Tuesday, July 3, 2007

Baritone Body - Project Overview

This is my first project. My task was to build a new body to use w/ a Warmoth baritone neck that I originally had on a MiM Fender Telecaster. The pickups are Mighty Mite p90s, which I can turn on and off w/ push/pull pots. Another push/pull pot allows me to switch the guitar into stereo.

Here are the posts, in chronological order:

Baritone Body

The Most Unsmoothest Cut
Rough Cuts on the Templates
Some Sanding
Neck Pocketing
The Pickups
Further Neck Pocketing
Routing--Stage One
Routing--Stage Two
Routing--Stage Three
Finishing the Templates (Finally)
Routing--Stage Four
Four Holes in the Neck
Neck Holes, Bridge Holes and Jack Holes Too
The Hall of Shame
Stained and Confused
A Less Painful Stain
Staining Update
Stained, Not Cleared.
Harnessing Up - Part One
Force Shields
Harnessing Up - Part Two
I'd Be Finished If I Didn't Screw Everything Up
The Flood and the Fixes
The Un-Baritone Body

Overall, I count the project as a success.

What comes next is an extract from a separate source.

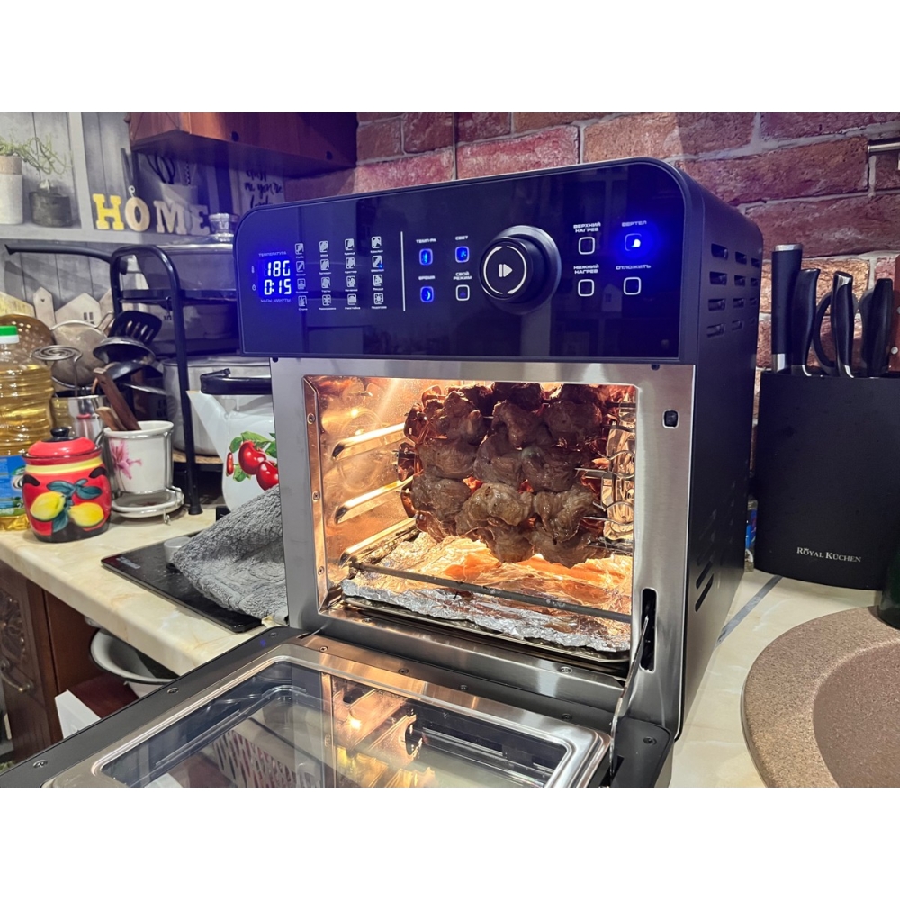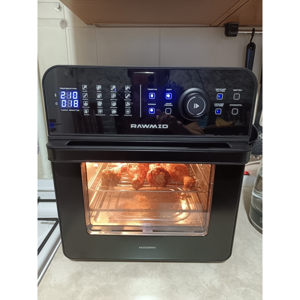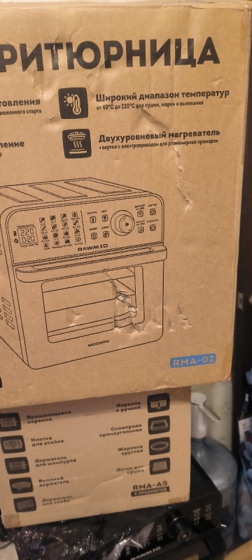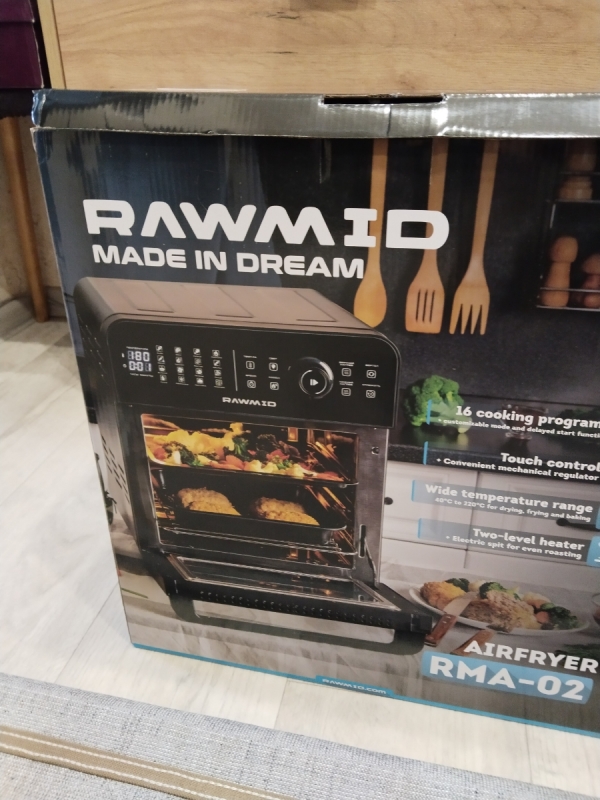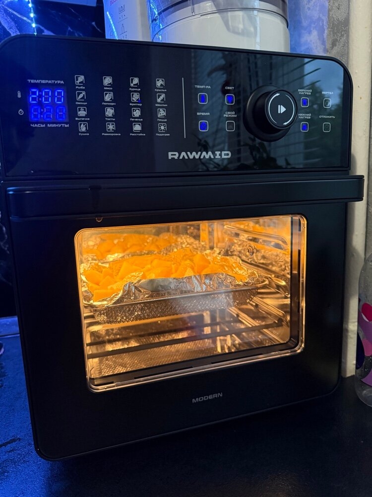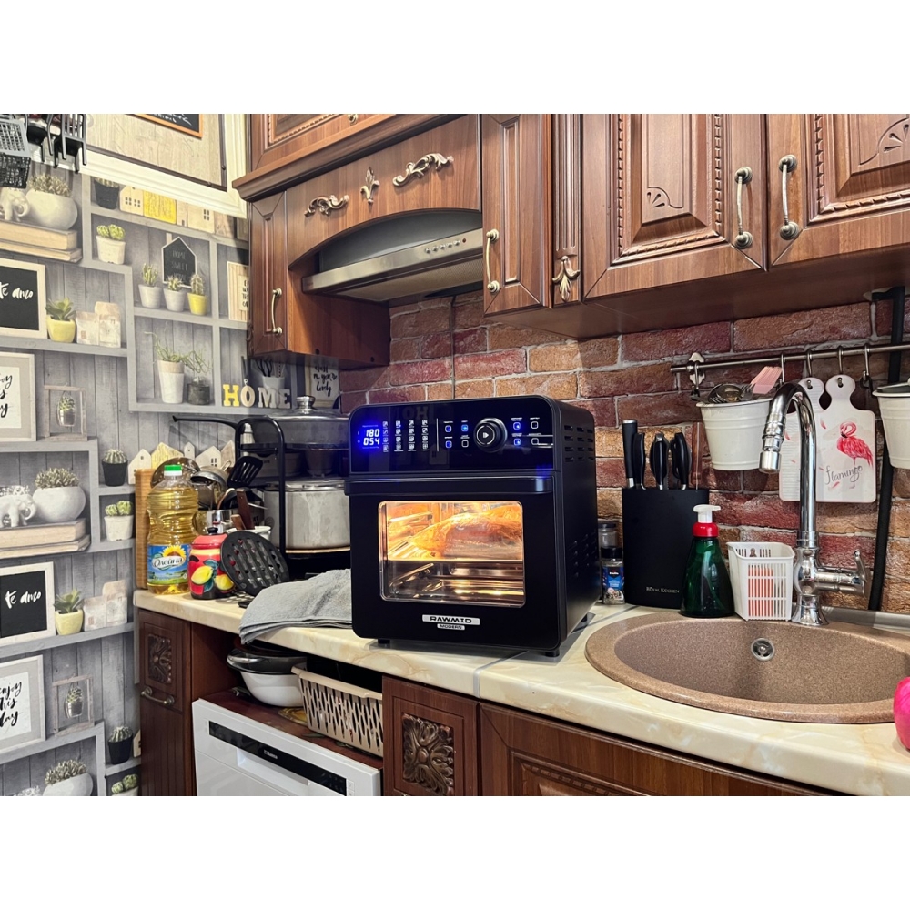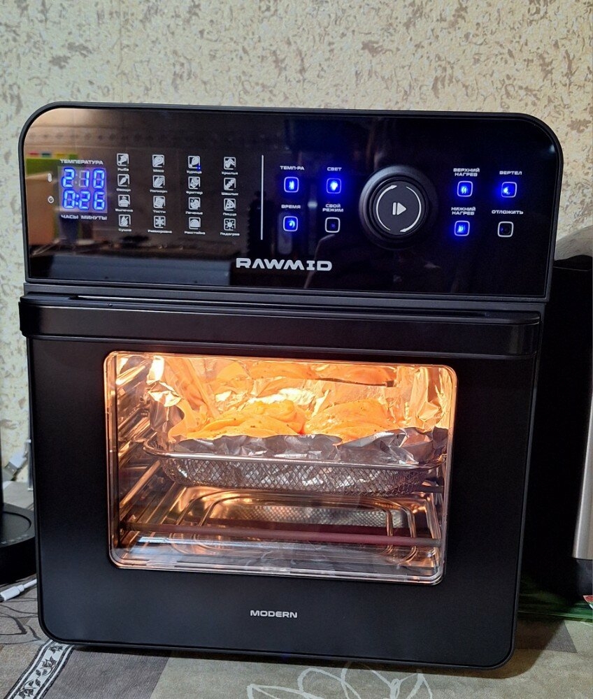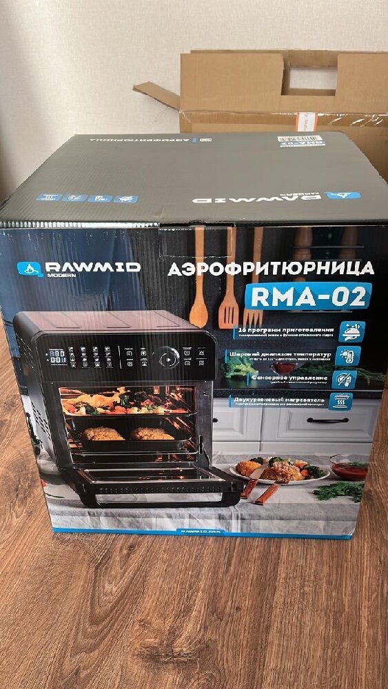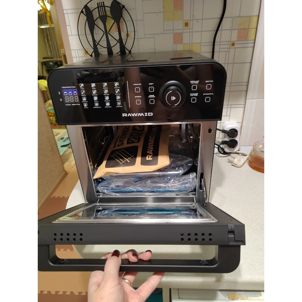 Аэрофритюрница RMA-02 — многофункциональная печь, которая сочетает в себе 4 прибора: фритюр, гриль, мини-печь, дегидратор. Любимые блюда получаются с хрустящей корочкой и сочными внутри, без добавления масла!

Definitely a first attempt but none of the errors I made make it any less fun to play and I'm assuming they have at most a minimum impact on the sound. Nevertheless, here is what I will do differently next time:

  • Make a better template for the neck pocket. Just gotta be a little more patient. I spent plenty of time on this one but I rushed it.
  • Make templates for individual parts--one for the neck pocket, one for the pickup, one for the control cavity, etc.. Goes right along w/ the first one. These things take a long time to build so it will be nice to have ones for, say, p90s that aren't part of the guitar template so I don't have to be ever remaking them.
  • Not use the one step stain and finish. I will spend more time finding the right color of stain. The combo stain/finish was really hard to deal w/ on a guitar while the wipe-on finish applied like a dream.
  • Be more careful w/ the control cavity spacing. Seriously. This one was so tight it makes working on it miserable. I will also probably use thinner hookup wire. The stuff I was using was overkill and made my life even harder. The stuff didn't want to bend into place at all.
And here is what I intend to improve in the future as I find time to make the changes (and since I'm happy w/ how it turned out and thus am willing to sink a little more money in it):

  • Redo wiring to include a pickup selector switch. I will tell you what, those push/pull pots seemed like a nice clean design but they are pretty much impossible to switch on the fly.
  • New pickups. These Tonerider p90s look freakin' rad. I'm pretty excited to get these ones in, actually.
  • Probably shim the edges of the neck pocket just to get a little better stability. (It's not a problem really but it never hurts to try an improvement.)
I will, of course, keep you all updated of my progress.


As you may have seen in the Un-Baritone Body post, I have changed the neck to a cheaper one simply because I thought I could do better. I still may fix it up but as of now, I'm not wasting any money w/ new pickups even though I still really want to try those Toneriders.

Monday, July 2, 2007

The Flood and the Fixes

Excuse my lack of posts lately. I got sidetracked due to flooding in my apartment. Some say it was an act of God. I don't know about all that but I can say whoever flooded my appartment can go fuck themselves. Here's a look at some of my tools to give you an idea of what I've been dealing w/:

Oh yeah--good times. I got it all squared away down here to the point where it's actually cleaner than when I started (which wasn't all that clean, admittedly) so I'm finally getting to finishing this project up.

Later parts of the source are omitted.